# My Clippings & Kindle Voyage



## MGGPP00114 (Dec 4, 2015)

On my KK, I buried "My Clippings" in a Collection folder that I created for that purpose. I just hated looking at the thing all over the place. I'm struggling trying the same thing in my new Voyage which doesn't seem to want to cooperate. Perhaps it can't be done.

Can someone advise. Thanks.


----------



## Ann in Arlington (Oct 27, 2008)

No . . . you can . .. 'cause I have. 

Let me remind myself how I did it and tell you.

O.K., the My Clippings 'book' is treated just like any other book -- so you also put it into collections the same way. If you touch and hold, the option to add to a collection will pop up (along with some other otpions). You can then select the collection you want it to go into.

Alternatively, from the home page, touch and hold the collection title that you want it in. You'll see an 'add/remove items' option. If you touch that you'll then see a list of EVERYTHING on your device, whether collected anywhere or not. It can be sorted by title, author, or most recent. What I'd do is access the My Clippings so that it is most recent first, and then when you do this, it'll be the first thing listed.

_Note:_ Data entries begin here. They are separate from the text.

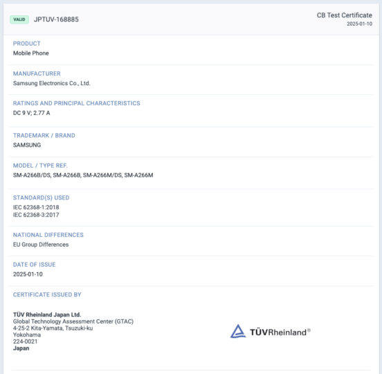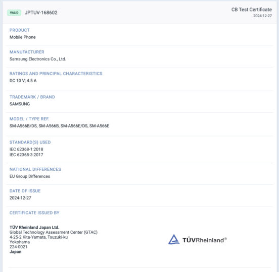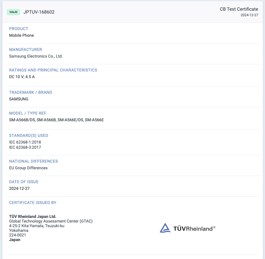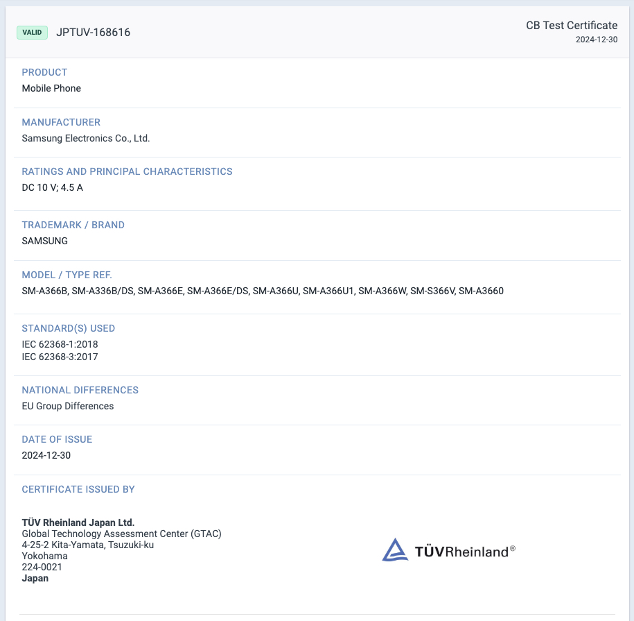 TUV Rheinland has certified the Galaxy A56, Galaxy A36, and Galaxy A26 (via TheTechOutlook). It reveals that the Galaxy A56 and the Galaxy A36 support charging speed at 10V and 4.5A and the Galaxy A26 supports charging speed at 9V and 2.77A. That means the first two devices can charge at up to 45W and the third one can charge at up to 25W.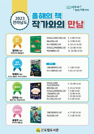 ¡®ÀÛ°¡¿ÍÀÇ ¸¸³²¡¯Àº Àü³²µµ¸³µµ¼°ü°ú ±¸·Ê±ºÀÌ Àü³²µµ¹ÎÀÌ Àоî¾ß ÇÒ Ã¥À» ¼±Á¤Çϰí, ¼±Á¤µÈ µµ¼ÀÇ ÀÛ°¡¸¦ ÃÊ´ëÇÏ¿© ºÏÅäÅ© ¹× °¿¬À» ÁøÇàÇÏ´Â µ¶¼¹®È ÇÁ·Î±×·¥ÀÌ´Ù.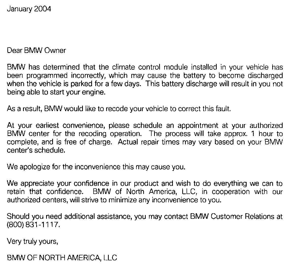 If two or more IHKA settings are modified during an ignition cycle (e.g. temperature setting and blower setting), the result is an increase in closed circuit current of approximately 800 mA. This could cause a discharged battery when vehicle is not used for 2 to 3 days.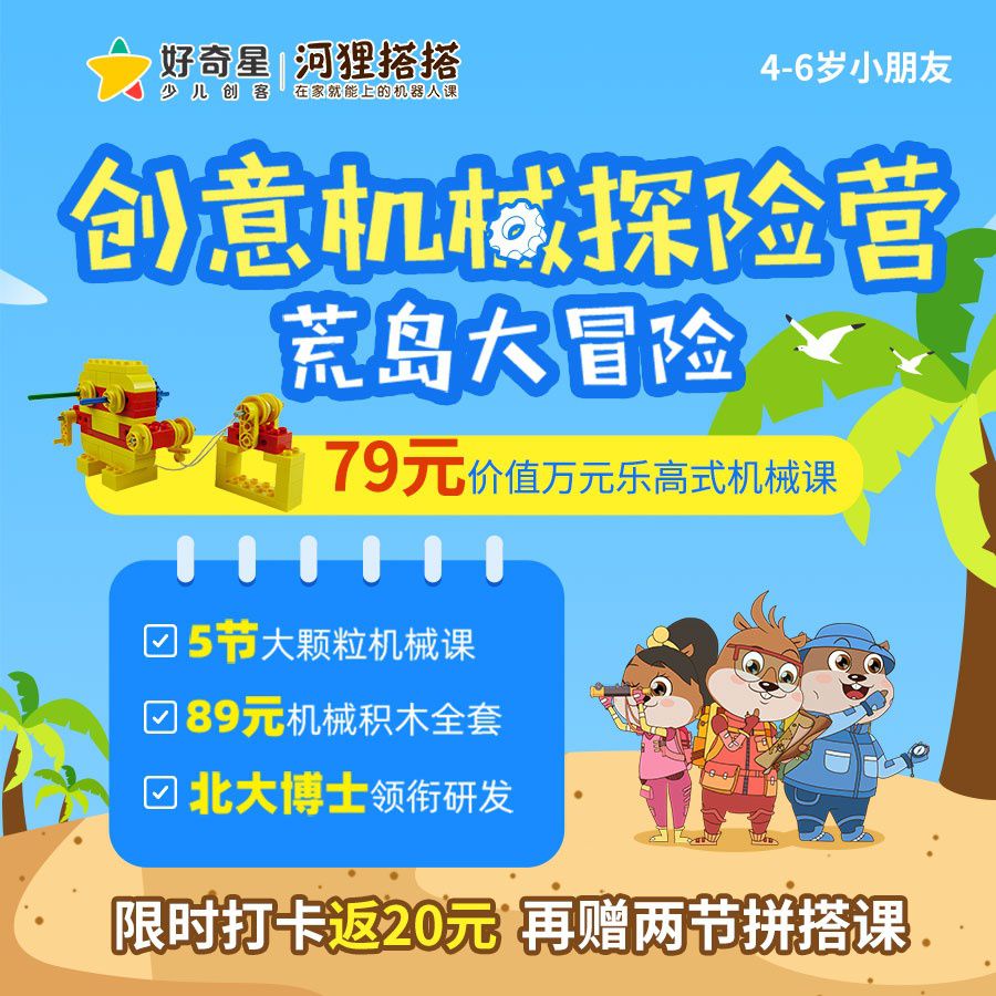 【限时打卡返20元奖学金,再赠2节趣味造型课 | 限前500】好奇星机械探险营,5节动画课+14天导师陪学,买即赠89元全套机械积木~在构建模型中,锻炼宝贝的逻辑思维,通过闯关游戏开启孩子的科技启蒙!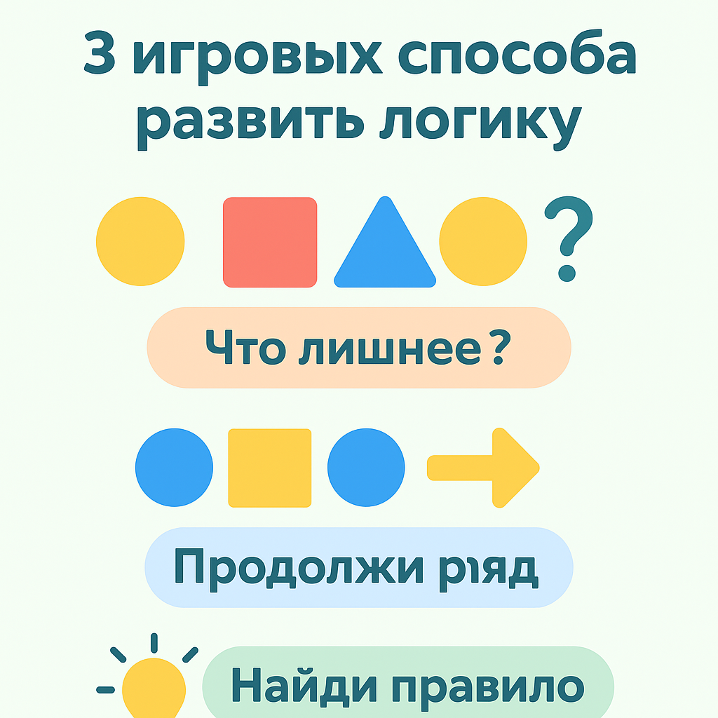 Логика — это не про формулы, а про умение думать последовательно. У дошкольников она развивается через игры, сравнения и маленькие открытия. Почему важно тренировать логику с раннего возраста: – помогает ребёнку рассуждать, а не заучивать; – улучшает память и внимание; – делает математику и чтение понятнее. 3 игровых способа развить логику: «Что лишнее?» Покажите ребёнку 4 предмета — три похожих, один лишний. Пусть объяснит, почему. «Продолжи ряд» Создайте последовательность: кубик — шар — кубик — шар. Ребёнок должен продолжить закономерность. «Найди правило» Попросите малыша угадать, по какому принципу вы раскладываете предметы — по цвету, размеру, форме. Почему онлайн это удобно: Педагог использует картинки, анимации, интерактивные задания — ребёнок не устает, а вовлекается в процесс. Вывод: Развивая логику через игру, мы формируем основу для будущих школьных успехов. Хотите, чтобы ребёнок научился рассуждать и искать решения? Попробуйте игровые онлайн-занятия. 📞 +7 903 243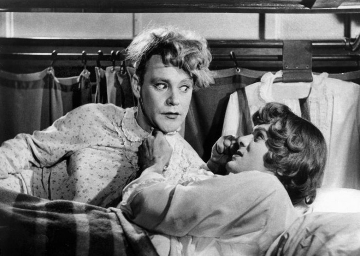 Auf der Flucht vor einer Gangsterbande geben sich die beiden Bar-Musiker Jerry (Jack Lemmon, li.) alias "Daphne" und Joe (Tony Curtis) alias "Josephine" als Frauen aus.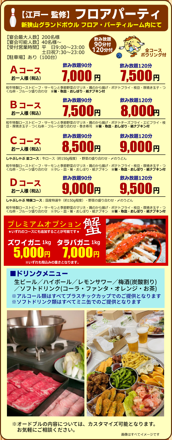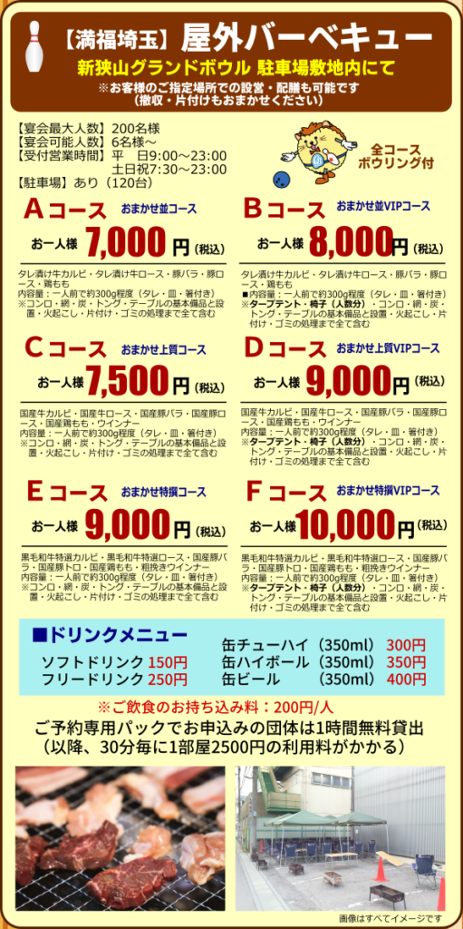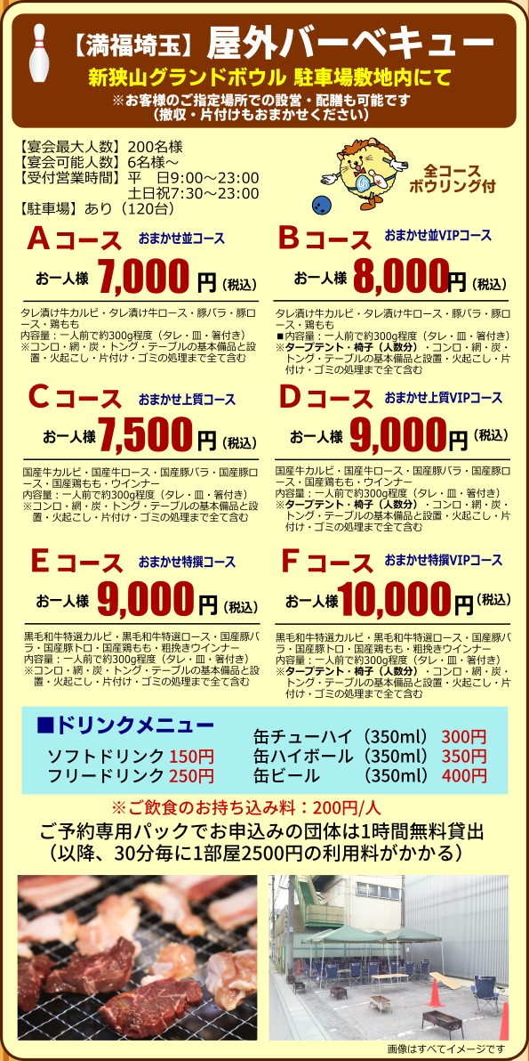 屋外BBQや屋内パーティのプランです(すべてボウリング2ゲーム&貸靴付)

I just double checked and those both work for me . . . . let us know how it goes.


----------



## MGGPP00114 (Dec 4, 2015)

Thanks..I finally got it to work. I think it probably helped to actually have some clippings in "My Clippings"


----------



## Ann in Arlington (Oct 27, 2008)

MGGPP00114 said:


> Thanks..I finally got it to work. I think it probably helped to actually have some clippings in "My Clippings"


Oh. Yeah. I'm not even sure it shows up unless there's something in it in the first place.


----------